Moscow - Arab today
Director of the Russian Foreign Ministry’s Non-Proliferation and Arms Control Department Mikhail Ulyanov affirmed on Thursday that the United States desperately prevents international personnel from visiting al-Shayrat air base in Syria’s Homs to investigate the Khan Sheikhoun alleged chemical weapons attack despite the Syrian government’s invitation and its willingness to guarantee the safety of the trip.
He stressed in an exclusive interview with Novosti news agency that the recent allegations by the United States that it has intelligence information about dropping a sarin bomb near Khan Sheikhoun raise serious doubts.
“The US version regarding an aerial bomb being dropped from a Syrian air force plane raises serious doubts,” Ulyanov said in the interview.
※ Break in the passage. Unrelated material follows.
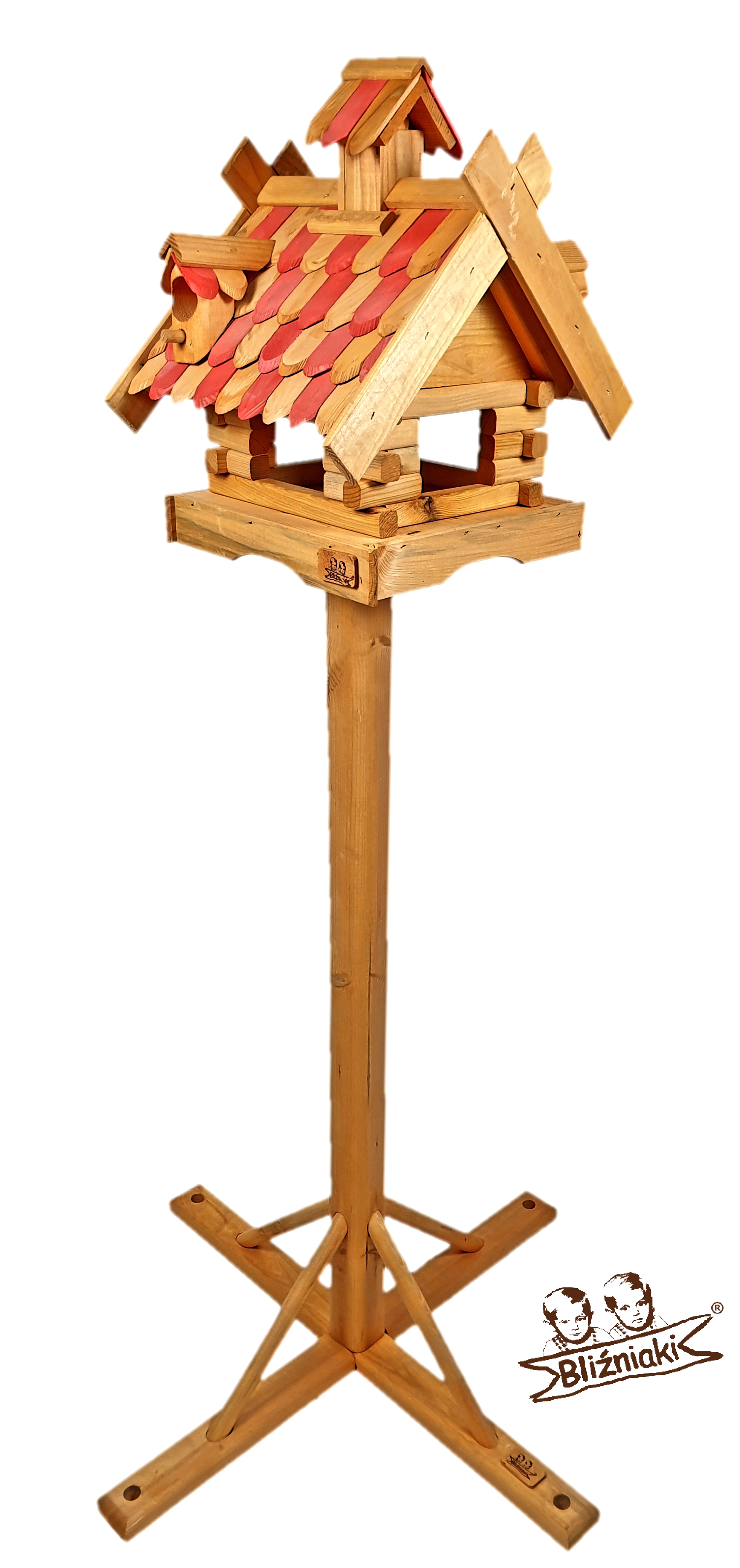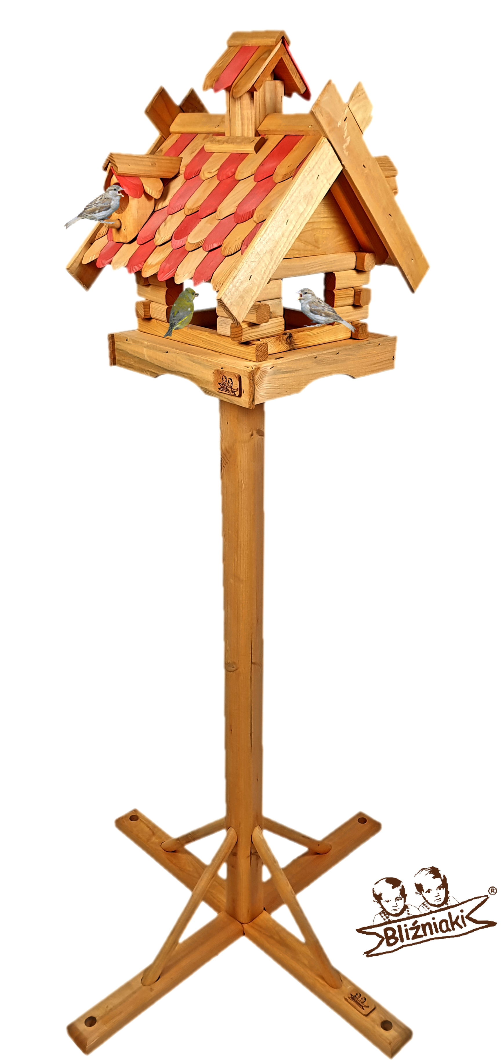 Duży Karmnik Drewniany Na Stojaku Ozdobny Domek (K21a B CB + STST B )

“Elementary logic suggests that Washington should have insisted on an urgent visit to Shayrat by the UN and OPCW specialists in order to incriminate Damascus on an international level of violating the Convention on the Prohibition of Chemical Weapons,” he noted, adding that the United States attacked the site three days after the April 4 chemical incident.
“But no, the United States desperately prevents international personnel from visiting the air base despite the Syrian government’s invitation and its willingness to guarantee the safety of the trip,” he said.
Commenting on footage allegedly filmed by the opposition at the site of the April 4 incident in Idleb province and was taken by Washington as possible evidence of a chemical attack in the town, Ulyanov said that in many of these pictures and video clips no pieces or parts of aerial bombs can be seen, but what can be seen clearly in the crater of the explosion is a metal tube, which suggests that the ammunition that was stuffed with sarin was detonated on the ground by those armed groups that control the area of Khan Sheikhoun.
“Such a high degree of readiness to respond, and not in a metropolis but in a small provincial town with a population of 40,000, suggests that the ‘rescuers’ were on the scene before it happened,” he said.
“References to the presence of irrefutable proof in the American intelligence community, which remain unpresented, do not have any credibility, especially since the memory of the confusion surrounding the ‘weapons of mass destruction of Saddam Hussein’ is still fresh,” he noted.